"Es reicht!" reicht leider nicht

Innsbruck (OTS/TT) - Die Regierung weigert sich weiter, energisch gegen Korruption etc. vorzugehen. Neuwahlen sind aber kein taugliches Mittel, die Situation zu ändern: Die Gefahr, dass danach weitergewurschtelt wird wie bisher, ist zu groß.

Von Mario Zenhäusern
Drei Viertel der Österreicherinnen und Österreicher sind mit der Arbeit der Bundesregierung weniger oder gar nicht zufrieden. Bei ebenso vielen Menschen im Land ist in den letzten Jahren das Vertrauen in die Politik gesunken. Zwei Aussagen, die in den Parteizentralen, zumal in jenen von SPÖ und ÖVP, sämtliche Alarmglocken schrillen lassen müssten. Aber dort rührt sich nichts. Die exakten Zahlen der Studien - 77 Prozent nicht oder wenig zufrieden mit der Regierung, bei 75 Prozent schwindendes Vertrauen -sind umso schlimmer, als die aktuellen Skandale und Affären noch gar nicht eingearbeitet sind: Telekom, Buwog, Eurofighter oder Regierungsinserate - all das trägt dazu bei, das Ansehen der Politik(er) weiter zu beschädigen, das Vertrauen in die Politik(er) auf ein Minimum zu reduzieren. Für die nächs ten Wahlen lässt das, gelingt Faymann und Spindelegger nicht rasch die Wende, nichts Gutes erahnen: Es zeichnet sich ein Debakel der rot-schwarzen Koalition ab. Was die Regierung dagegen tut? Was sie am besten kann: nichts. Statt die in den letzten Wochen aufgeflogenen Machenschaften aufzuklären, wird weiter gemauert. Politische Ränkespiele statt ehrlicher Aufklärung, Poker um Macht statt notwendiger Transparenz. Statt auf Offenheit zu setzen, wird weiter gemauschelt, getrickst und betrogen. Es reicht! Mit diesen Worten kündigte Willi Molterer (ÖVP) im Juli 2008 die Koalition mit der SPÖ, weil er nicht zulassen könne, dass die Krise in der SPÖ eine Krise für Österreich werde.

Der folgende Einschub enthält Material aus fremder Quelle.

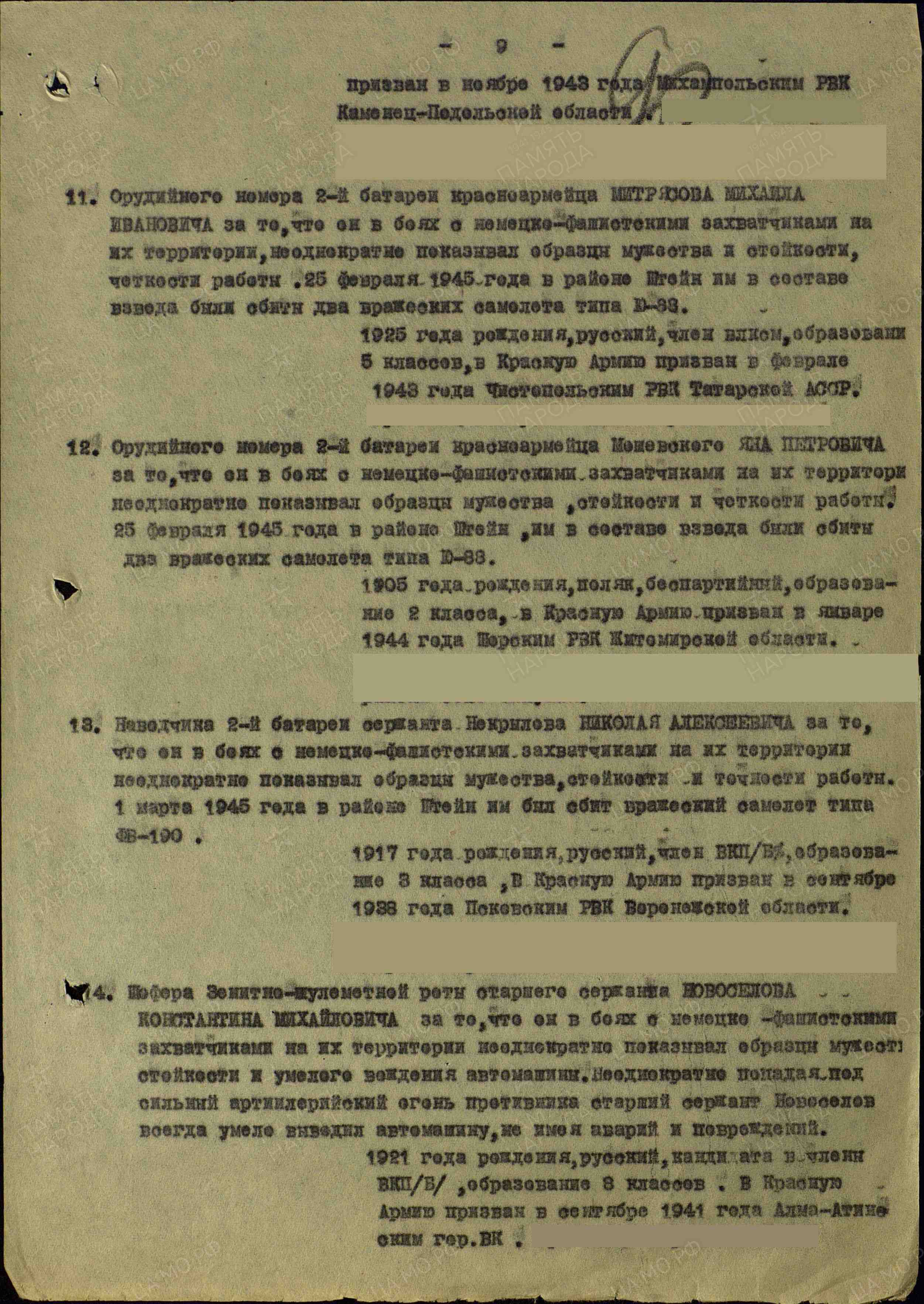 Михаил Иванович Митрясов родился в 1925 (1926) г. в г.Чистополе, ТАССР. В 1943 г. призван в ряды Красной Армии Чистопольским военным комиссариатом. Служил орудийным номером 2-й батареи. В боях с немецко-фашистскими захватчиками на их территории, неоднократно показывал образцы мужеств и стойкости, четкости работы. 25 февраля 1945 г. в районе Игейн им в составе взвода были сбиты два вражеских самолета типа Ю-33.

Drei Jahre später ist die Situation weit prekärer. Die Unfähigkeit der beiden Regierungsparteien, anstehende Probleme zu lösen, ist ein Schaden für das Land und für die Menschen, die hier wohnen. Der Unwille von Faymann und Spindelegger, energisch gegen Korruption, Vorteilsnahme und mit öffentlichen Mitteln gekaufte Jubel-Berichterstattung vorzugehen, haben aus Österreich ein Paradies für Abzocker gemacht. Die Krise von SPÖ und ÖVP ist längst zur Krise für uns alle geworden, weil beide Parteien nichts anderes im Sinn haben, als ihren Status quo zu halten.

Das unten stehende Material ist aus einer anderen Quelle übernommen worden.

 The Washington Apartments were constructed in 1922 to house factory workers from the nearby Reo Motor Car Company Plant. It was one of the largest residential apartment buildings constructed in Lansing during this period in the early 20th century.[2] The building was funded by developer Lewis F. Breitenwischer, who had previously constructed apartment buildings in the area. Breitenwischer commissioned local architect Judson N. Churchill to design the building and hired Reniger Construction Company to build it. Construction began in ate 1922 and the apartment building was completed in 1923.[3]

Ein simples "Es reicht!" ist allerdings zu wenig, um das zu ändern. Leider. Es reicht eben nicht, wenn sich die Regierung in Neuwahlen flüchtet. Die Gefahr, dass sie danach gleich weiterwurschtelt, ist zu groß. Außerdem hat Willi Molterer seinen Sager von damals schwer bereut. Schon aus diesem Grund wird sich jeder überlegen, es ihm nachzumachen.